** Your task **
Every line of the entries below from the one containing "Buy Online Spanish" to the one containing "由國務(wù)院僑辦主任李海", both ends included, must be written out exactly. No other line belongs in the answer.
BEGIN
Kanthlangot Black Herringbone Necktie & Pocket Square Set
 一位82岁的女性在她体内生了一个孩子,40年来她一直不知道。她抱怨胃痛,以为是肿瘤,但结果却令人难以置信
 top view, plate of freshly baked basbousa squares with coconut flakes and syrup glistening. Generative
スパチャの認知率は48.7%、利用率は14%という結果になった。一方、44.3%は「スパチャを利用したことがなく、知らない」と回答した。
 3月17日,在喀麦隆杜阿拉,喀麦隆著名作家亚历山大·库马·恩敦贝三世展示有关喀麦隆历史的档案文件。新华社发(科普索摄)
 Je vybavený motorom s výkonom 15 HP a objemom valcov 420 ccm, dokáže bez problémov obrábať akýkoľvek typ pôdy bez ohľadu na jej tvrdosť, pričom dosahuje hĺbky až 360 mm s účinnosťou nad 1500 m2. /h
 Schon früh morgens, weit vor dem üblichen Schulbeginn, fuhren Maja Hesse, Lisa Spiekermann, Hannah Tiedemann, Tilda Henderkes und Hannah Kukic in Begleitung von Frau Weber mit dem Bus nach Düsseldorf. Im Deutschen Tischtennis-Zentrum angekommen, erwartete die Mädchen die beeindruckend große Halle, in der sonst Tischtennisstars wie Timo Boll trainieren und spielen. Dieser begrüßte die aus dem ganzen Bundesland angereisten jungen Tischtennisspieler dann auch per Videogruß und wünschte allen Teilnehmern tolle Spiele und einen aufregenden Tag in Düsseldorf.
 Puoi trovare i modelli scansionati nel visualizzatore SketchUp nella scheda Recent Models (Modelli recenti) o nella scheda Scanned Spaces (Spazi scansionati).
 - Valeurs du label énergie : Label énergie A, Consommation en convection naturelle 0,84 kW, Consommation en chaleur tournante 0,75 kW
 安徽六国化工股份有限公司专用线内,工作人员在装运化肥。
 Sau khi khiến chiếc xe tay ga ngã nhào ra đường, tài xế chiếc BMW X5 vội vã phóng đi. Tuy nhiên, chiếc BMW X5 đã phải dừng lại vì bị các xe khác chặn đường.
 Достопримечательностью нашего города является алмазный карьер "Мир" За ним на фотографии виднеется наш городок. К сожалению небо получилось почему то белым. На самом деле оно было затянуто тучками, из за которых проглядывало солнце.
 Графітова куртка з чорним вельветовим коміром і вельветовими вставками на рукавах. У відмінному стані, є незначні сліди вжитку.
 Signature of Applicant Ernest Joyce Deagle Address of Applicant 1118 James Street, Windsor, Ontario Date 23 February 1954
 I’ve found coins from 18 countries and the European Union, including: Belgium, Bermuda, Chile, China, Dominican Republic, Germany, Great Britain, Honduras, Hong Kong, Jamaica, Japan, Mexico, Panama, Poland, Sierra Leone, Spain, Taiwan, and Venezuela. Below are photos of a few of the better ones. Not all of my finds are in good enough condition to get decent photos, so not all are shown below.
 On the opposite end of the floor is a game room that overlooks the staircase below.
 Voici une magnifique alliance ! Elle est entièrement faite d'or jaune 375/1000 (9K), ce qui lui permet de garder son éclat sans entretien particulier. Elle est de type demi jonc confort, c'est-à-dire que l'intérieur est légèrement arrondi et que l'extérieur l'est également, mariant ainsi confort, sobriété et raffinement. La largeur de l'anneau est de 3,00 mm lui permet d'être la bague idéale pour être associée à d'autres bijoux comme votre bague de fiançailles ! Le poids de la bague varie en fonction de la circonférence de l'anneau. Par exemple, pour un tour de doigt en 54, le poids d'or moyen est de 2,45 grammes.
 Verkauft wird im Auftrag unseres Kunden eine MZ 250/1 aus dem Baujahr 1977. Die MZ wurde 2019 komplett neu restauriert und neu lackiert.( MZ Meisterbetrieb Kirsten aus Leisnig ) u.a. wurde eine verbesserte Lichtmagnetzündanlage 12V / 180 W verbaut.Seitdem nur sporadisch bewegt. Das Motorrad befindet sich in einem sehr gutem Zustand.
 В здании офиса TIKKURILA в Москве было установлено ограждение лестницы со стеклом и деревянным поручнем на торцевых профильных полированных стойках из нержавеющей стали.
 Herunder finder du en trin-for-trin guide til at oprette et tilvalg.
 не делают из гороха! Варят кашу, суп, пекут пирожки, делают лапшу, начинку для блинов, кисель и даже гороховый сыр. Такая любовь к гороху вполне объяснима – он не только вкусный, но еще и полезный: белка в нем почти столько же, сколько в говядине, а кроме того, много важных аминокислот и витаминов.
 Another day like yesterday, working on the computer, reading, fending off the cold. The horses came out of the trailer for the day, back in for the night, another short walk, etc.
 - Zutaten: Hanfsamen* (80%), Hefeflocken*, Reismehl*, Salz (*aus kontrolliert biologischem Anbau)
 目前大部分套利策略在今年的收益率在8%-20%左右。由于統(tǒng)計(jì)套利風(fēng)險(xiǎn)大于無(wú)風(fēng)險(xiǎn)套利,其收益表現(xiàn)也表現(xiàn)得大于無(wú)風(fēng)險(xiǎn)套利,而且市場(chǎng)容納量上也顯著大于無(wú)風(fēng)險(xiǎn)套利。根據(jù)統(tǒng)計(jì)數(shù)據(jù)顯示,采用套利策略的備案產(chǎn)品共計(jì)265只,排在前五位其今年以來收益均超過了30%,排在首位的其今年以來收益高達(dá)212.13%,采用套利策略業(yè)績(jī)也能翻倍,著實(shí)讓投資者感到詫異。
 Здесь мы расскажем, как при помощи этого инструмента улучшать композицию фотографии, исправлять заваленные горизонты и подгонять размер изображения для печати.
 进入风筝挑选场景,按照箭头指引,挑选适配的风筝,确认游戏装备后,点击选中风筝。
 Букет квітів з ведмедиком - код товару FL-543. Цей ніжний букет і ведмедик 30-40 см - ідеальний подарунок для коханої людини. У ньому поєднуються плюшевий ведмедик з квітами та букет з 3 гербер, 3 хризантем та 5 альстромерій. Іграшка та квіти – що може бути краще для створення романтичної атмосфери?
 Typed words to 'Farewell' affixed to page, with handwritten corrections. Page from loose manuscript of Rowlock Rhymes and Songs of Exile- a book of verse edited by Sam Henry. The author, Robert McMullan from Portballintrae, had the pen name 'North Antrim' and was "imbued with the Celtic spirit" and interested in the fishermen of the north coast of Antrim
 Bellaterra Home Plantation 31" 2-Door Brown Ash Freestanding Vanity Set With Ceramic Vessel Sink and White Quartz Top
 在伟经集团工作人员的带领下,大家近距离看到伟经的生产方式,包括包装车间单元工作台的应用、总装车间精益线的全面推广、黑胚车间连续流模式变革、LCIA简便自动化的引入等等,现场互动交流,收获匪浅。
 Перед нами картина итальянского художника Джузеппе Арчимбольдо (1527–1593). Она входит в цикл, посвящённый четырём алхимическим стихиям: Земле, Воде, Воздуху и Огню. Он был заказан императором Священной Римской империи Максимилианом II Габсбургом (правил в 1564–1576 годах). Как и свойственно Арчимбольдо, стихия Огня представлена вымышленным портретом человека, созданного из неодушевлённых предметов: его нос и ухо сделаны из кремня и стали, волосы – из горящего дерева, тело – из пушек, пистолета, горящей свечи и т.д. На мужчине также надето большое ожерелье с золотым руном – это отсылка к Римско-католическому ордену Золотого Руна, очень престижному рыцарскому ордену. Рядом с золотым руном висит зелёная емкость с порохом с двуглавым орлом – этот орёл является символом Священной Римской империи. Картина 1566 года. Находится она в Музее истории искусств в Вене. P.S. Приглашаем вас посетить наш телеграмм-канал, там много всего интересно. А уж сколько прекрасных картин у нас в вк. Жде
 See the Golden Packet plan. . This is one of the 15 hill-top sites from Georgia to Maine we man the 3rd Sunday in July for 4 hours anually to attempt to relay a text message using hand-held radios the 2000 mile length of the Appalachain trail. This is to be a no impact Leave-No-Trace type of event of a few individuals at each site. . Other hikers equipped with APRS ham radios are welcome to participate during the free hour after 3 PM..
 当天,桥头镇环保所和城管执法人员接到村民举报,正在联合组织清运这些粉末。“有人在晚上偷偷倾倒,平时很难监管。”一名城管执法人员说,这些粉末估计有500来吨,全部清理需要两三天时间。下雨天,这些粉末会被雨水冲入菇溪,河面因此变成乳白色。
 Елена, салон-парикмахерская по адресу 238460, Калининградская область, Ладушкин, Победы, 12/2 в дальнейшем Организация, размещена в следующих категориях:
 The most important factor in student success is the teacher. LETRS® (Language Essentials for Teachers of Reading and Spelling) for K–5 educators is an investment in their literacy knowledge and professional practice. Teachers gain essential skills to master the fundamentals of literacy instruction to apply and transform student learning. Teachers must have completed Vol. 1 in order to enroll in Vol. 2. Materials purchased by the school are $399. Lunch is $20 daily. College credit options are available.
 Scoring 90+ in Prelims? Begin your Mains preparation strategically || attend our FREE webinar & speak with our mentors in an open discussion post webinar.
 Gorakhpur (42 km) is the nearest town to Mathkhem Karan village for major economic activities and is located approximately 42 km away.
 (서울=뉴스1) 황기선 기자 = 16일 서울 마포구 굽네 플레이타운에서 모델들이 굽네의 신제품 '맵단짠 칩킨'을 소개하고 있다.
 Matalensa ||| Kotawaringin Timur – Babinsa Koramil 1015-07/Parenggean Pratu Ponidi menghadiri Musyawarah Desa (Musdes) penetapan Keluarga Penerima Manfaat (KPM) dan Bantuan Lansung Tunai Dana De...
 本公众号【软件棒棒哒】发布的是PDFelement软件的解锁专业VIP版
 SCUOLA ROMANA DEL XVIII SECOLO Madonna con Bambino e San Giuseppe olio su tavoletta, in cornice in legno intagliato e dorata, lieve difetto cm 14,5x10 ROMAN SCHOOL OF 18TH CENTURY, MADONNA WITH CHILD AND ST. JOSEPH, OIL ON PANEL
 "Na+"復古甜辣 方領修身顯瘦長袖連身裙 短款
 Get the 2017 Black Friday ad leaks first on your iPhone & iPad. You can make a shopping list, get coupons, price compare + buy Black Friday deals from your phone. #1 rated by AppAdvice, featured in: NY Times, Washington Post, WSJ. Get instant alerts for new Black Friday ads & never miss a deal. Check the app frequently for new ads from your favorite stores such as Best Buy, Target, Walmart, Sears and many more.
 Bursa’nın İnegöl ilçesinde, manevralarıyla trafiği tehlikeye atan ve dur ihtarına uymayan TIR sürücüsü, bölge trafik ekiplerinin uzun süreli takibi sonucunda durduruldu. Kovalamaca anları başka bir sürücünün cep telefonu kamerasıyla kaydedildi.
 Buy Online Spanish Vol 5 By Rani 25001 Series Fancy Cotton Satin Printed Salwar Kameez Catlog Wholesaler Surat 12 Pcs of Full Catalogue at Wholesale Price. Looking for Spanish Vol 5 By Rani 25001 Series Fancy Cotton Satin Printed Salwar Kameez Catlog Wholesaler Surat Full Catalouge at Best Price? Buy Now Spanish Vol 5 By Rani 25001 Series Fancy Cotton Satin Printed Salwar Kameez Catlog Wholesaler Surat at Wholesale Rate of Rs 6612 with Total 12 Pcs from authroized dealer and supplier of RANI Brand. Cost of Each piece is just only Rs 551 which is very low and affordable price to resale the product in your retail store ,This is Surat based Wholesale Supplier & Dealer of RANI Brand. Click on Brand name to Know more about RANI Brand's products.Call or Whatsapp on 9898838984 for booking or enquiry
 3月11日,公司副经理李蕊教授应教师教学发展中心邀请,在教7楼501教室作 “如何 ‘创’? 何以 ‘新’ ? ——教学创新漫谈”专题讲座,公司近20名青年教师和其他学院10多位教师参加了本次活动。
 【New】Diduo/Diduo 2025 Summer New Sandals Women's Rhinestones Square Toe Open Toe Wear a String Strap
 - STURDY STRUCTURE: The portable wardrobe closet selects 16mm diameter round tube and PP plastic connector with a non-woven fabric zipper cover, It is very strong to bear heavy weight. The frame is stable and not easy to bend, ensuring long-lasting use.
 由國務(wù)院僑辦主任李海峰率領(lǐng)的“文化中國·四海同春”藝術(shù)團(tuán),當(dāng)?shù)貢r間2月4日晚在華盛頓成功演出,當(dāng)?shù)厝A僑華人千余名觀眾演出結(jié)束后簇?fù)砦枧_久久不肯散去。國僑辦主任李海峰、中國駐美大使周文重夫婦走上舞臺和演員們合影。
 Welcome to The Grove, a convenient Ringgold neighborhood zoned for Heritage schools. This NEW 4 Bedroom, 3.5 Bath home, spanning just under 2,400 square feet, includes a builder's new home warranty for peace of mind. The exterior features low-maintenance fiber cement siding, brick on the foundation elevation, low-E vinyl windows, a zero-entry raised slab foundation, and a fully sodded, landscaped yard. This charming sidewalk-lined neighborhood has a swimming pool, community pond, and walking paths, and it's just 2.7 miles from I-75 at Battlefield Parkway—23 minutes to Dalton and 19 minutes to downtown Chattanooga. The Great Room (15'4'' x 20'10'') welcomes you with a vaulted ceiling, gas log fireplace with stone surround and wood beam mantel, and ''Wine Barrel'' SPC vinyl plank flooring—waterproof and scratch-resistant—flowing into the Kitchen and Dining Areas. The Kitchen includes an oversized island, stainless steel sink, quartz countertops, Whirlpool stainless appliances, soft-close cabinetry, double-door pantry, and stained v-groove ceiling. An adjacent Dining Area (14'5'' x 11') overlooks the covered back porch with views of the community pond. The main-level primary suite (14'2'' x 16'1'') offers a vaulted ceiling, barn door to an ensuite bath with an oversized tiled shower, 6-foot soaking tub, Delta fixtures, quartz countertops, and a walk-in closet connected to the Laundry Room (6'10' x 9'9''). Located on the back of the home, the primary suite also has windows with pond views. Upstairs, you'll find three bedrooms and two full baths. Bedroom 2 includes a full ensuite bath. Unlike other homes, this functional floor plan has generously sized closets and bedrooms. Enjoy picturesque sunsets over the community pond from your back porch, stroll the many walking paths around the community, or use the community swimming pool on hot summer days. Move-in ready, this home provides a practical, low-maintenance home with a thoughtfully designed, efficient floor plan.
END
** Finished exercise **
 Buy Online Spanish Vol 5 By Rani 25001 Series Fancy Cotton Satin Printed Salwar Kameez Catlog Wholesaler Surat 12 Pcs of Full Catalogue at Wholesale Price. Looking for Spanish Vol 5 By Rani 25001 Series Fancy Cotton Satin Printed Salwar Kameez Catlog Wholesaler Surat Full Catalouge at Best Price? Buy Now Spanish Vol 5 By Rani 25001 Series Fancy Cotton Satin Printed Salwar Kameez Catlog Wholesaler Surat at Wholesale Rate of Rs 6612 with Total 12 Pcs from authroized dealer and supplier of RANI Brand. Cost of Each piece is just only Rs 551 which is very low and affordable price to resale the product in your retail store ,This is Surat based Wholesale Supplier & Dealer of RANI Brand. Click on Brand name to Know more about RANI Brand's products.Call or Whatsapp on 9898838984 for booking or enquiry
 3月11日,公司副经理李蕊教授应教师教学发展中心邀请,在教7楼501教室作 “如何 ‘创’? 何以 ‘新’ ? ——教学创新漫谈”专题讲座,公司近20名青年教师和其他学院10多位教师参加了本次活动。
 【New】Diduo/Diduo 2025 Summer New Sandals Women's Rhinestones Square Toe Open Toe Wear a String Strap
 - STURDY STRUCTURE: The portable wardrobe closet selects 16mm diameter round tube and PP plastic connector with a non-woven fabric zipper cover, It is very strong to bear heavy weight. The frame is stable and not easy to bend, ensuring long-lasting use.
 由國務(wù)院僑辦主任李海峰率領(lǐng)的“文化中國·四海同春”藝術(shù)團(tuán),當(dāng)?shù)貢r間2月4日晚在華盛頓成功演出,當(dāng)?shù)厝A僑華人千余名觀眾演出結(jié)束后簇?fù)砦枧_久久不肯散去。國僑辦主任李海峰、中國駐美大使周文重夫婦走上舞臺和演員們合影。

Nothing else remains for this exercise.